Хоть за это, хоть за это,
если не перемена в судьбе,
от какого-нибудь поэта
полагался стишок тебе.
Может быть, Слуцкий вспомнил, что отец Кульчицкого, самодеятельный поэт, написал когда-то «Оду на рождение царевича Алексея»?..
При этом антимонархизм Слуцкого держался долго, достигая порой гребня ярости.
Кто из подшивки, что пылится
на чердаке лет шестьдесят,
огромные тупые лица
Романовых — их всех подряд —
вырезывает и раскладывает,
наклеивает и разглядывает.
По крайней мере в двух домах
я видел две таких таблицы,
где всей династии размах —
Романовых тупые лица.
У него были свои характеристики столетий:
Девятнадцатый век — исключение,
и к нему я питаю влечение.
.............................................................
Гекатомбы и армагеддоны
до и после,
но только тогда
индивидуального стона
общая
не глушила беда.
До и после
от славы шалели,
от великих пьянели идей.
В девятнадцатом веке жалели,
просто так — жалели людей.
Надо сказать, Слуцкий демонстрирует исторический оптимизм.
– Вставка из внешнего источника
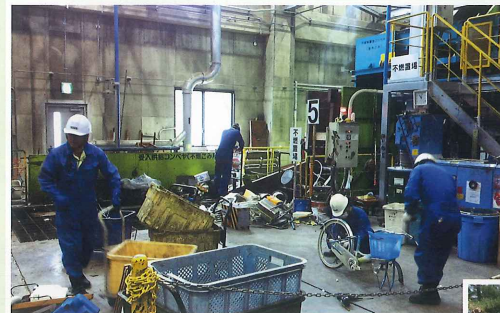
エコパーク寒川（飯山市）

ゴミの収集や自然環境の保護など、清潔で気持ちよく暮らせるための取り組みをしています。
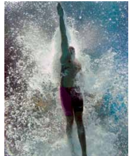
FLORENT MANAUDOU SERA AU RENDEZ-VOUS DE L'OPEN DE FRANCE

Pour la 3 ème année, les triathlètes participant au Challenge Vichy, vont affronter l'épreuve ultime le 1 er septembre : se plonger, de bon matin, dans les eaux de l'Allier pour 3,8 km de natation, enchaîner avec une petite virée de 180 km à vélo et finir par un marathon. Une promenade de santé (!)... qui
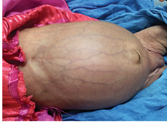
आकृती ५ : पोट फुगलेल्या अवस्थेत
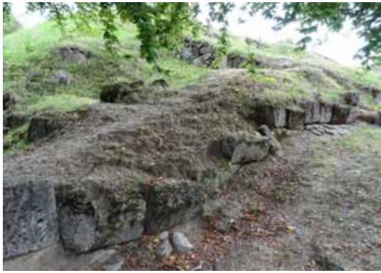
Fig. 1 Costești-Blidaru: parament destructurat între turnurile III și IV.
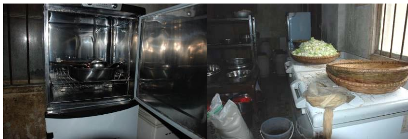
图 14 设备正常使用
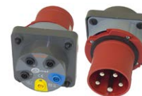
Adapter gniazd trójfazowych 63 A
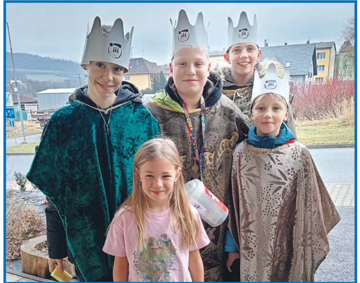
V Koutě na Šumavě se konala Tříkrálová sbírka pod záštitou České katolické charity 5. až 9. ledna. Ke koledování se připojila také obec Spáňov a obec Oprechtice. V Koutě na Šumavě se vybralo 64 696 korun. Děkujeme! Obec Kout na Šumavě
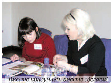
Вместе придумаем, вместе сделаем!

плодотворной работы мы поговорили о результатах этого года, поделились мнениями и опытом работы с выпускниками, обсудили новые пути взаимодействия и разработали план работы на следующий год.
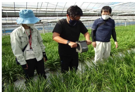
現地ほ場の土壌物理性調査
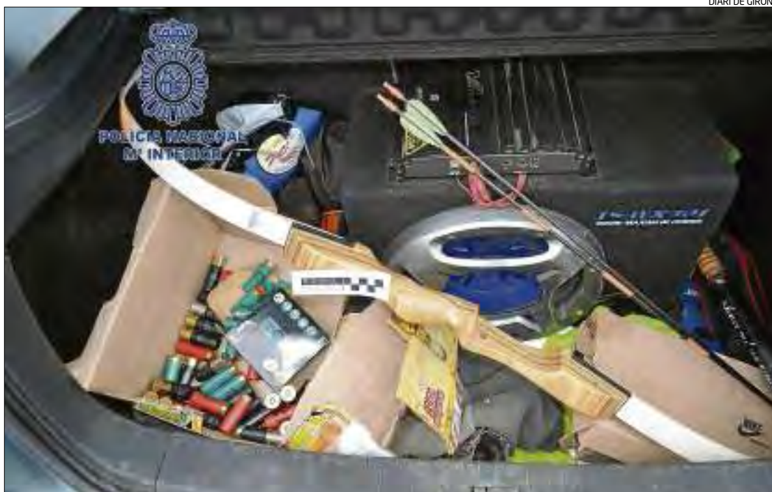
Al maleter portaven l'arc amb les fletxes i els cartutxos de l'escopeta que estava al seient de darrere.

tre totes les oficines s'han facilitat consultes a més de dos-cents mil turistes, i la majoria han estat francesos. En ciutats com Figueres tenen un segon turista que està creient en els darrers anys que és el rus. A Roses, es manté un turisme amb una àmplia presència de visitants europeus. A Vilabertran han triplicat les consultes respecte altres anys. Pel que fa als interessos dels visitants, varien depenent de l'oferta de la població. Mentre a Figueres s'interessen per gastronomia i cultura, a Vilabertran sobretot per la cultura i a la resta, majoritàriament per les activitats que es porten a terme.
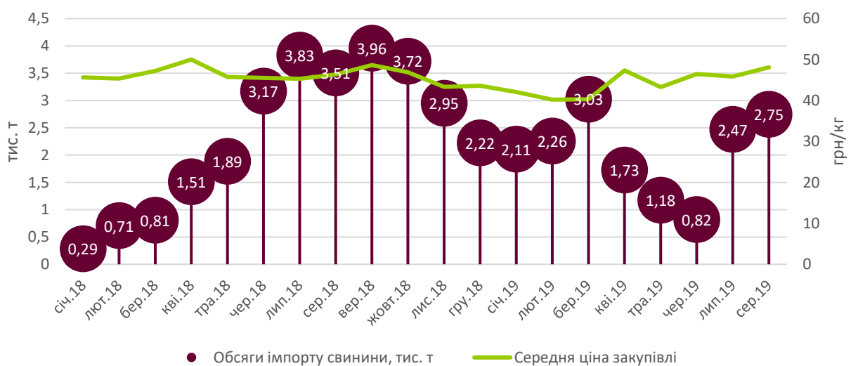
Помісячна динаміка імпорту м'яса свиней (УКТ ЗЕД 0203)

Втім, експерти зазначають, що минулого серпня зовнішні поставки свинини були активнішими: за серпень 2018-го на внутрішній ринок надійшло на чверть більше свіжого, охолодженого та мороженого м'яса свиней ніж цього року — 3,5 тис. т. «Хоча сукупні обсяги імпорту свинини все ще перевищують торішні (16,33 тис. т проти 15,71 тис. т за січень-серпень 2018-го), це відхилення скоротилося до 4%,» — зазначають в АСУ.
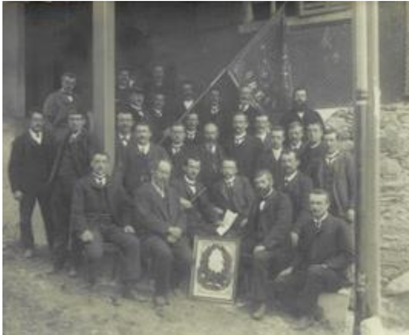
Chor viril Breil igl onn 1909

cant districtuala la fin d'avrel digl onn 1913. Il 10 da schaner 1913 surpren il chor viril l'organisaziun dalla XXI. Fiasta da cant districtuala che duei haver liug ils 27 d'avrel dil medem onn. La GR terminescha il rapport da fiasta: La fiasta ei stada biala ed emperneivla, grazia all'oreifra organisaziun e preparaziun cun agid dils habitonts da Breil, liug ideal per fiasta ideala!
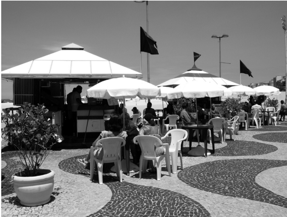
Photo 3 Anciens Kiosques en « résistance », drapeau noir sur le front de mer octobre 2006

front de mer devient un lieu de protestation et les quiosqueiros hissent un drapeau noir sur le toit des Kiosques et déclarent le front de mer en deuil.
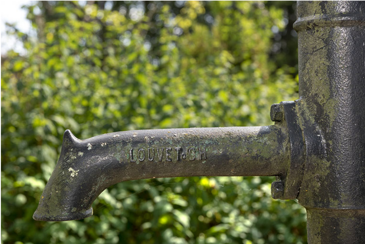
Pompe Louvet, à Maîche : inscription.

25, Le Russey, 64 avenue de Lattre de Tassigny
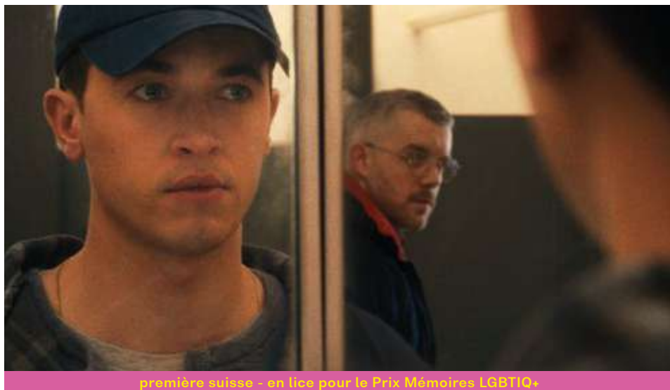
première suisse - en lice pour le Prix Mémoires LGBTQ+

95 min – fiction (2025) vo: ang – st: fr dès 16 ans
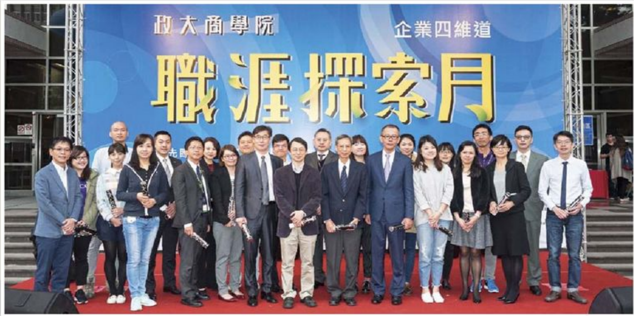
在合作企業的用心與支持下，企業四維道盛大開幕。
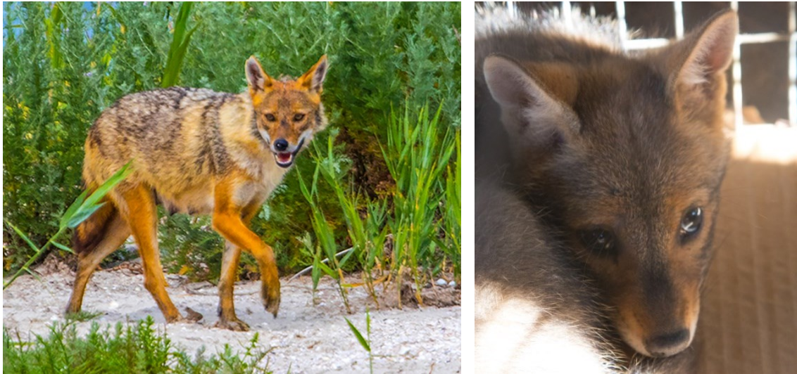
Рис. 11. Шакалиха на полюванні (ліворуч) та цуценя шакала, підібране місцевими мешканцями (праворуч). Fig. 11. A female jackal on hunting (left) and a jackal puppy picked up by locals near the park (right).
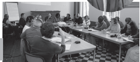
Los participantes en el seminario sobre la Agricultura Familiar
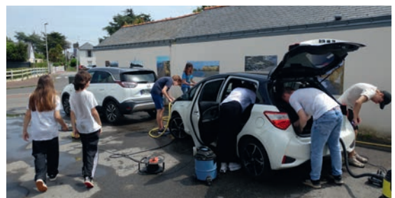
Autofinancement: lavage de voitures
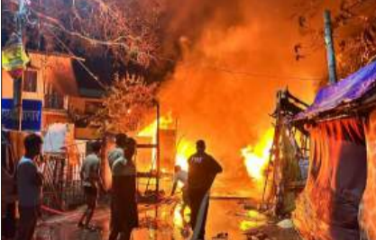
आग को बुझाते कर्मचारी।

टनकपुर। पूर्णागिरि मेला क्षेत्र टनकपुर पंचमुखी धर्मशाला के समीप उस समय अफरा-तफरी मच गई। अचानक लगी भीषण आग ने देखते ही देखते पांच अस्थाई दुकानों को अपनी चपेट में ले लिया। आग इतनी तेज थी कि कुछ ही मिनटों में दुकानों में रखा पूरा सामान जलकर राख हो गया। इस दर्दनाक हादसे में लाखों रुपये के नुकसान की आशंका जताई जा रही है। आग की लपटों के बीच अपनी मेहनत और उम्मीदों को राख होते देख पीड़ित व्यापारी फूट-फूटकर रो पड़े। पीड़ितों का कहना है कि उन्होंने बड़ी मुश्किल से पैसे जोड़कर दुकानें लगाई थीं ताकि
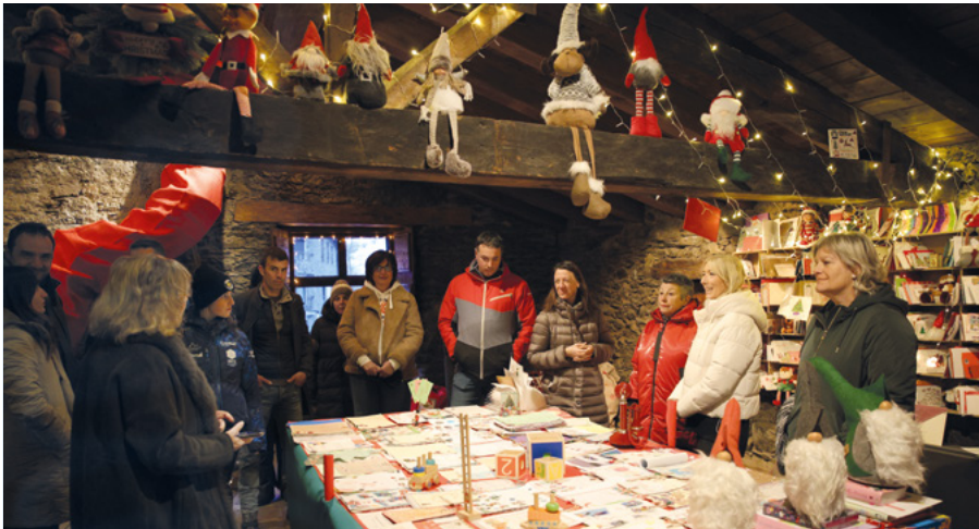
Les autoritats de la parròquia també van visitar la casa secreta del Pare Noel, una de les parades obligatòries del Cercle Màgic.

El Cercle Màgic ha tancat la seva primera edició amb un balanç clarament positiu, i ha estat una de les propostes familiars més destacades de l'hivern a la parròquia d'Ordino. Des de la seva posada en marxa a mitjan novembre i fins a finals de desembre, la iniciativa ha registrat una molt bona acollida, amb un total de 3.183 visitants que han participat en les diverses activitats programades.
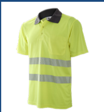
001 Amarillo AV
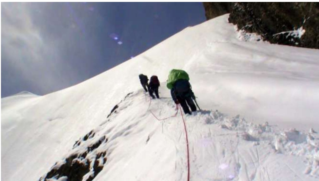
Фото 20. Подъем на пер. Разведочный, перила на ключевом участке.
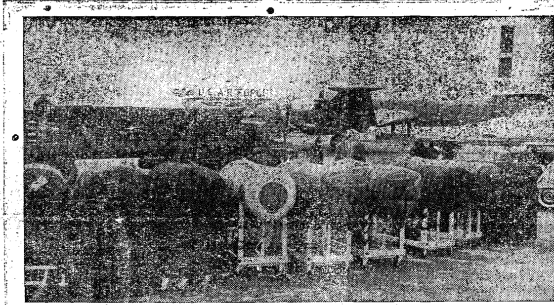
BOSTON, Massachusetts — Pulmões de aço recentemente enviados à Buenos Aires num avião "Globemaster" da Força Aérea Norte-Americana, para ajudar no combate à epidemia de poliomielite na capital da Argentina, onde mais de 800 casos foram assinalados desde 21 de janeiro. Os pulmões de aço foram enviados pelo governo norte-americano com a cooperação do "Pan American Sanitary Bureau" e da "U. S. National Foundation for Infantile Paralysis". Foi também enviado um grupo de especialistas, constante de um médico, uma enfermeira e terapeuta.
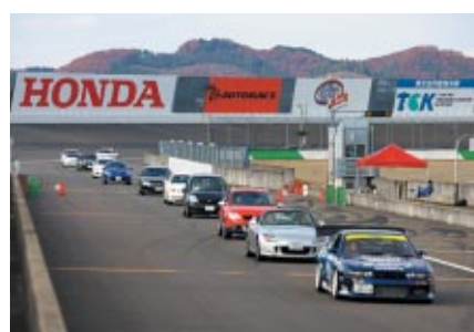
「S耐観戦プラン」「S耐満喫プラン」の各プランでご来場いただいた お客さまを対象としたスーパースピードウェイパレード走行 160台以上の盛況ぶりでした
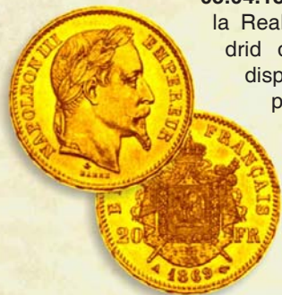
Moneda de Francia de 20 francos, comúnmente utilizada en Cuba a fines del s. XIX.

05.04.1894. Se hace extensiva a Cuba la Real Orden del gobierno de Madrid de 14 de febrero de 1891 que dispuso la admisión en las cajas públicas del reino de la moneda francesa de oro. La medida está motivada por la escasez, tanto en la Metrópoli como en las colonias, de los centenes de oro españoles, los cuales son extraídos hacia países extranjeros para ser fundidos como metal. De esta forma, el luis francés,
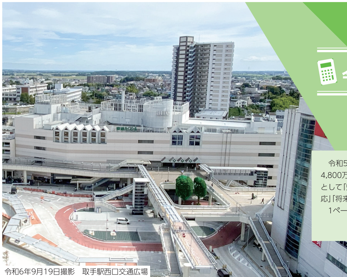
令和6年9月19日撮影 取手駅西口交通広場
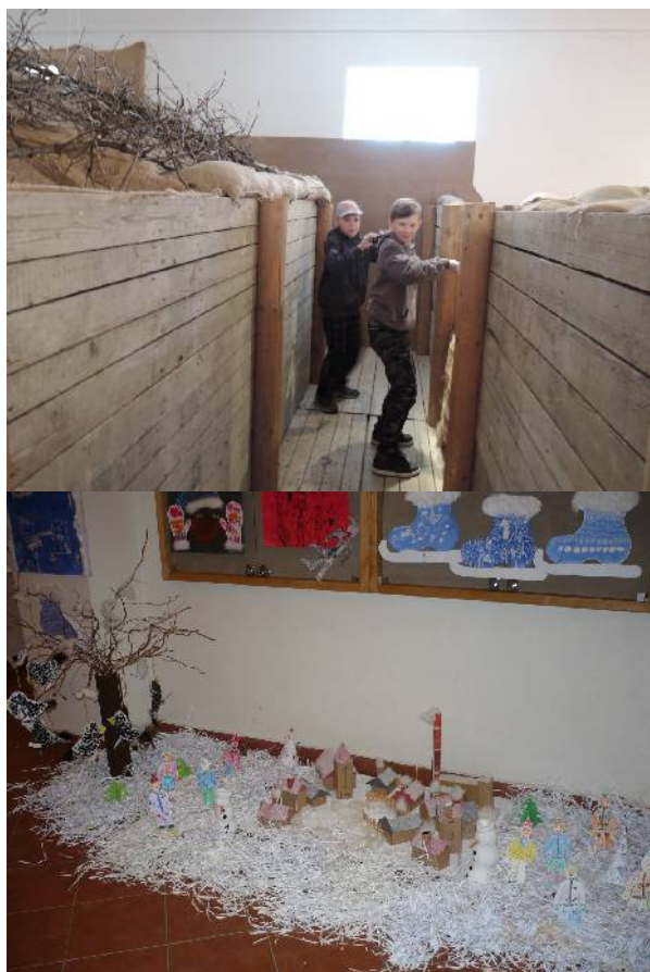
Šumpersko za Velké války 1914 – 1918
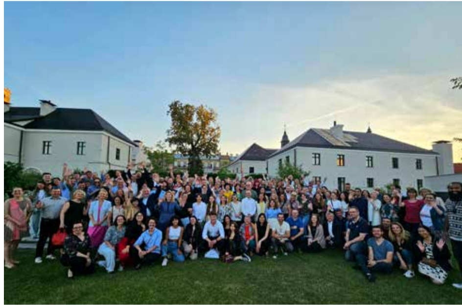
Tarptautinės konferencijos dalyviai Vilniuje.
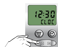
Stel huidige tijd in
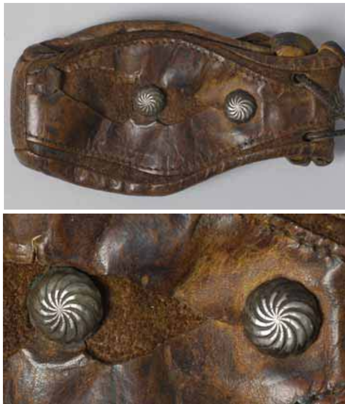
Fig. 4. Silverbeslag med virvelfigur på tobakspung från Täsjö i Ångermanland. Undre fotot visar beslagen i detalj.

tingens inre symboliska betydelse; exempelvis att virvelhjul betecknar solen, uppståndelse och pånyttfödelse, att en ring med flätknut står för ett nära förbund med Jungfru Maria samt att antalet sex symboliserar skapelsedagar, världs- och levnadsåldrar. Ja - vem vet, om inte det sexpassformade beslaget i stället skall uppfattas som en utslagen blomma - en lilja eller ros och i så fall åter en symbol med stark anknytning till Jungfru Maria (Dahlby 1963).
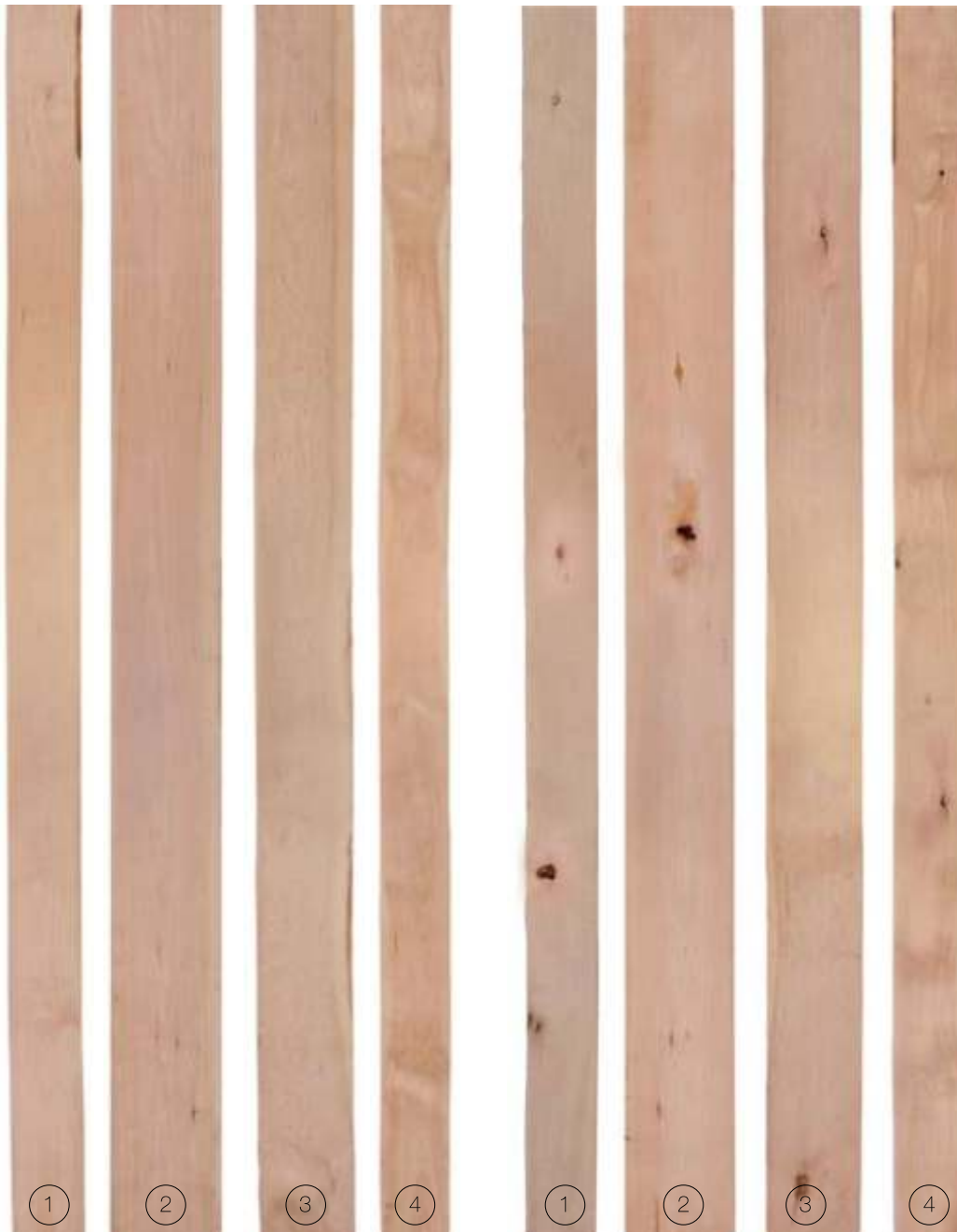
FRONT FACE | CARA FRONTAL

Este grado incluye piezas que por su cara frontal son Primera Selección y por la cara posterior Prime. Esta madera es adecuada para usos donde se requieran piezas medianas y largas, especialmente con una cara visible. Rendimiento mínimo de superficie limpia de 83%-100% por la cara frontal y 67% - 83% por la cara posterior.

Из стихотворения «Первый век»:
Первый век нашей эры. Недооценка
из поэтов — Овидия, из пророков — Христа.
Но какая при том глубина, высота.
Рудиментарный революционаризм сказался и в поэтике Слуцкого зрелых лет. В основе своей его зрелый стих — тот же самый, с которого он начал. Ни отчаяние, ни дидактика, ни корневая связь с пластом классики не уводят его от первоначального источника — футуризма в лице Маяковского, Хлебникова, раннего Асеева и немного Кирсанова, балладного Тихонова, конструктивизма в лице Сельвинского, Багрицкого и Луговского. Любопытно, что Антокольский, которого Слуцкий отблагодарил отдельным стихотворением, в стиховом плане, не считая чего-то ученического в самых ранних вещах, в результате никак не повлиял на него; их сводит лишь общая страсть к истории. Конечно же, источники его стиха далеко не ограничиваются названными левыми поэтическими течениями. Но его стих, в фундаментальном, фирменном плане, стоял стеной, действуя на левом фланге «строчечного фронта». Однако стих, порождённый и пропитанный энтузиазмом Революции, в вялые времена обречён работать вхолостую. Только считаные старые мастера и несколько новых поэтов, воодушевлённых 1956 годом, сумели вдохнуть — очень ненадолго — новую жизнь в тот стих, устаревший именно морально. Только вспышки гениальности, в куски разнося тот опустевающий стих, ещё в году 1960-м (точной датировки нет) дают ослепительный результат:
Завяжи меня узелком на платке.
Подержи меня в крепкой руке.
Положи меня в темь, в тишину и в тень,
На худой конец и про чёрный день.
Я — ржавый гвоздь, что идёт на гроба.
Я сгожусь судьбине, а не судьбе.
Покуда обильны твои хлеба,
Зачем я тебе?
Это — песня. Сведя в себе Некрасова с Мандельштамом, он написал её.
Машинопись манделынтамовских «Воронежских тетрадей» Слуцкий хранил у себя в архиве.